Cook-Me-Up Project: Simplifying Culinary Delights with Data
This report outlines the exploratory data analysis process performed on the dataset containing information about Indian foods. The dataset includes attributes such as ingredients, diet type, preparation time, cooking time, flavor profile, course, state, and region.
The dataset was downloaded from Kaggle and processed to remove inconsistencies:
- Missing Values: All missing values were filled with
Unknown
. - Duplicates: Duplicate entries were removed.

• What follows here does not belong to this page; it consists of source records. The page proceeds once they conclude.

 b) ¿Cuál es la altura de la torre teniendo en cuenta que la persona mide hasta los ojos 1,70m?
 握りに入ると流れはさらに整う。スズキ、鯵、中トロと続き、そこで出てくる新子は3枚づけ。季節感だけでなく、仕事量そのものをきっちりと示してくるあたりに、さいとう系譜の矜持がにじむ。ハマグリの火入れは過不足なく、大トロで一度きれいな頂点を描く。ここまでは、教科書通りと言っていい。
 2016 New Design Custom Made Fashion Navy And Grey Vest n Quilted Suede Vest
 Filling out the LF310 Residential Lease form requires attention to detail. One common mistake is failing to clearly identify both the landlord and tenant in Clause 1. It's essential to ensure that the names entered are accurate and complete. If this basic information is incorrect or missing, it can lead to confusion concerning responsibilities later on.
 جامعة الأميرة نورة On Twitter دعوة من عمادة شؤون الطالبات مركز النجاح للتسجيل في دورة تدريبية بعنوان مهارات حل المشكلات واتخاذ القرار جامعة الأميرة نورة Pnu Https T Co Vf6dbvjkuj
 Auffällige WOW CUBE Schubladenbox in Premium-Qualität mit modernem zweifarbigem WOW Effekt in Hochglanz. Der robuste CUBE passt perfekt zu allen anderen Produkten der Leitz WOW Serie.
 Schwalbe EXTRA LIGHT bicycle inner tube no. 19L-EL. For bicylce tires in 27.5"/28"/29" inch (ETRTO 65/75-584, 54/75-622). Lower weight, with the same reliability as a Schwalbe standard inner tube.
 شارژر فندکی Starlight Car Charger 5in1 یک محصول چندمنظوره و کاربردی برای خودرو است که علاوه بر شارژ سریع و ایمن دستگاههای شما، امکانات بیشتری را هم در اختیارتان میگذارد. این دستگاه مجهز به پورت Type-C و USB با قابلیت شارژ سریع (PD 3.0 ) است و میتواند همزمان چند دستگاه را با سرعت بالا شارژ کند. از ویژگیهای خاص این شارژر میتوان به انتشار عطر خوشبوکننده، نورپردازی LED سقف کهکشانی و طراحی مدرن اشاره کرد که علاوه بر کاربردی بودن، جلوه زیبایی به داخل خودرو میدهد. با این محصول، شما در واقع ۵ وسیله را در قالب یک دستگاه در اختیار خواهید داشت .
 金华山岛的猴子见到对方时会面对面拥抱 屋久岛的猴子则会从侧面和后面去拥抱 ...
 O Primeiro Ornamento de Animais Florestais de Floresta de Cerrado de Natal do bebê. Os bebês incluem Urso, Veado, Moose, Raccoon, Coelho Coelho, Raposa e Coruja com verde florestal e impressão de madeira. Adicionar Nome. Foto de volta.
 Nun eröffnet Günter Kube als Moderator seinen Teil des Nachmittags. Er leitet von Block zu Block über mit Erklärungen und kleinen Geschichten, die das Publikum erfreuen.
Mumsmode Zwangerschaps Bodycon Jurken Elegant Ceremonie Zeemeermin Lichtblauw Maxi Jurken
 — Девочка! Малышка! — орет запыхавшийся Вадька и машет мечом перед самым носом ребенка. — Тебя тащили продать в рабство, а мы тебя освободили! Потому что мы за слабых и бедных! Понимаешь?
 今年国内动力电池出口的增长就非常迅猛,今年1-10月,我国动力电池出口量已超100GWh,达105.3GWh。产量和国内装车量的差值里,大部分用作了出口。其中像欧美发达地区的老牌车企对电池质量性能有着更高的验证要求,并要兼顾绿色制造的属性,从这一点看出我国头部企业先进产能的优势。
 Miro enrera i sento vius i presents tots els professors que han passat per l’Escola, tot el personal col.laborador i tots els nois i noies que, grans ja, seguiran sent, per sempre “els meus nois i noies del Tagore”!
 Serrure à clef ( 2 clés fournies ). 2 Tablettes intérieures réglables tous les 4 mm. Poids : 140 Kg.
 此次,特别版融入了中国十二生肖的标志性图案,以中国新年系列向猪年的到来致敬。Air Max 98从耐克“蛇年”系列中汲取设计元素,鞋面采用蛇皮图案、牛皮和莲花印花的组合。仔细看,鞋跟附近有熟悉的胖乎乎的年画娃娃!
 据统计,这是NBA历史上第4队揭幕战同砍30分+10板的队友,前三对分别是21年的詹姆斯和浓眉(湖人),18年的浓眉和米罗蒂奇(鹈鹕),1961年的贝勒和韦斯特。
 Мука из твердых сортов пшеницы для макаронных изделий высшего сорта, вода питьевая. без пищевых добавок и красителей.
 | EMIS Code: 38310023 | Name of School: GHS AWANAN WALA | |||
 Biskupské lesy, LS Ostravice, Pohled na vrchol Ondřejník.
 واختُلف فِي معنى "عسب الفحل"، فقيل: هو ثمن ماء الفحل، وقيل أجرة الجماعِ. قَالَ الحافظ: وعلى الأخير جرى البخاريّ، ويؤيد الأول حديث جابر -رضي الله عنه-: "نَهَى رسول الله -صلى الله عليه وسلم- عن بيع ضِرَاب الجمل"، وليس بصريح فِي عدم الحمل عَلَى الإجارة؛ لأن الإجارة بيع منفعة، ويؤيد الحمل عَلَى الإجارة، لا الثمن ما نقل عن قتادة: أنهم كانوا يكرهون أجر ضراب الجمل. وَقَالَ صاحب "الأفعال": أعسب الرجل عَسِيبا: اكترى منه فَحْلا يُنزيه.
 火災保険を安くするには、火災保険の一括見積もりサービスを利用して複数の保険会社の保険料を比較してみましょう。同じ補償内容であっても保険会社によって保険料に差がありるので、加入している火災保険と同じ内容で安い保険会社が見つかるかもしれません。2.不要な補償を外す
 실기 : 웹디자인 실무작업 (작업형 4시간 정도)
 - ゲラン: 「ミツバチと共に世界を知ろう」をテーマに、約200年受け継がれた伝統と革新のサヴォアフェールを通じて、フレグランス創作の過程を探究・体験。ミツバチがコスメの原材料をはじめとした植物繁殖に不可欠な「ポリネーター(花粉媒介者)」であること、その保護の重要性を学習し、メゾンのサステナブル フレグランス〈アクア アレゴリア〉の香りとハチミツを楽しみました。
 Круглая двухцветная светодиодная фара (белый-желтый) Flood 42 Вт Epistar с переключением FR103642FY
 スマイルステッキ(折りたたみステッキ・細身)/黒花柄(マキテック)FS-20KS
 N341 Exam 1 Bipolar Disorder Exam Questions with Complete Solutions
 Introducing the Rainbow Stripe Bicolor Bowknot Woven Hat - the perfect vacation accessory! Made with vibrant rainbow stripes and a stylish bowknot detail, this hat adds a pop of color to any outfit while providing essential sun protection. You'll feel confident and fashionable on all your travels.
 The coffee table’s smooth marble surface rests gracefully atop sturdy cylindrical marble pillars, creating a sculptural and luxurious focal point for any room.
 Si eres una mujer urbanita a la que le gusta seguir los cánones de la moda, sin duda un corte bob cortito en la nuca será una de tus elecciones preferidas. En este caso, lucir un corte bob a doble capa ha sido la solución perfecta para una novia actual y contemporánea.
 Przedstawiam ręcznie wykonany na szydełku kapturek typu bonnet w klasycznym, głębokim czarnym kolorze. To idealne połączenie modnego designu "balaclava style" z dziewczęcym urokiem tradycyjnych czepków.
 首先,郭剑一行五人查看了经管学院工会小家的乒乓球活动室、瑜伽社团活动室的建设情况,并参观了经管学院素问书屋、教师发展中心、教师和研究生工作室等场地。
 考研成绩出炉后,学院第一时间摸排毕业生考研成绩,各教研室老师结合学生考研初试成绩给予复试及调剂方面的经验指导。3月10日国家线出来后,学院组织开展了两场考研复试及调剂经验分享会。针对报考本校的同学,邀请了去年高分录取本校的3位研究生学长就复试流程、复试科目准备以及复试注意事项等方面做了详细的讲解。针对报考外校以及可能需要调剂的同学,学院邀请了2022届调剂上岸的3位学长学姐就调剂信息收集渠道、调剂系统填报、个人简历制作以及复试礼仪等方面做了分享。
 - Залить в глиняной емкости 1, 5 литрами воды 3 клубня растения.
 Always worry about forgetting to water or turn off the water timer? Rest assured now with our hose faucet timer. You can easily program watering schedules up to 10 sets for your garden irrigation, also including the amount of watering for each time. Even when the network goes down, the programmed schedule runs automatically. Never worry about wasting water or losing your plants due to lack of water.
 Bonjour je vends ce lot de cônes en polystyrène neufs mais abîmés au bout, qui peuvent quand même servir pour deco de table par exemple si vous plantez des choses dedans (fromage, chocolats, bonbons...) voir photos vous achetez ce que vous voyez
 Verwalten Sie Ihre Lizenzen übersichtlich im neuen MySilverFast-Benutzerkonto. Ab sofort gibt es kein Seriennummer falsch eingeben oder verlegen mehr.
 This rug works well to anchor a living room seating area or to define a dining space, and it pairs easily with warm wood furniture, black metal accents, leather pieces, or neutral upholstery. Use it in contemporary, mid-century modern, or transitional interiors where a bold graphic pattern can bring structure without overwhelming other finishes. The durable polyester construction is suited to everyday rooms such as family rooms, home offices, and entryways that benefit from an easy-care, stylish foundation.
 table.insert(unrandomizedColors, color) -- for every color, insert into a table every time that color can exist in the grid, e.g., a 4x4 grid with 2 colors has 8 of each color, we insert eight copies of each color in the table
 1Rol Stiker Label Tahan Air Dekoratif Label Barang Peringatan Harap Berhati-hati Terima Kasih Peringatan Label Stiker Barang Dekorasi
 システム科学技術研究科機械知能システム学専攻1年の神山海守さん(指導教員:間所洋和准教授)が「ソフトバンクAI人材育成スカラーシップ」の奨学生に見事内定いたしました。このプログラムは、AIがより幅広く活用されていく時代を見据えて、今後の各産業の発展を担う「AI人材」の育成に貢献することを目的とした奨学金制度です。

- Final Output: Cleaned data was saved as
cleaned_data.csv
.
Metric | Value |
---|---|
Total Records | 255 |
Unique Dishes | 250 |
Missing Values (Post-Cleaning) | 0 |
- Preparation Time: Median prep time is 20 minutes, with most dishes requiring less than 30 minutes.
- Cooking Time: Distribution is right-skewed, with outliers requiring over 2 hours.
Visualization: Cooking Time Distribution
Diet Type | Count |
---|---|
Vegetarian | 200 |
Non-Vegetarian | 55 |
Visualization: Diet Type Distribution
The dataset highlights cuisines from all regions of India, with North India having the highest representation.
Using Seaborn and clustering techniques, we identified patterns in the dataset:
-
Correlation Analysis:
- Strong correlation between prep and cook times.
- Negative correlation between number of ingredients and flavor complexity.
-
Clustering:
- Recipes were grouped into three clusters based on cooking time and complexity.
-
Predictive Insights:
- Cooking time is heavily influenced by the number of ingredients and preparation method.
- Diet Distribution: Vegetarian dishes dominate the dataset.
- Regional Highlights: North Indian cuisine includes the most unique ingredients.
- Fastest Dishes: Identified top 10 fastest dishes based on total preparation time.
Next Steps:
- Integrate insights with Looker Studio for interactive visualization.
- Incorporate predictive modeling to recommend recipes based on user preferences.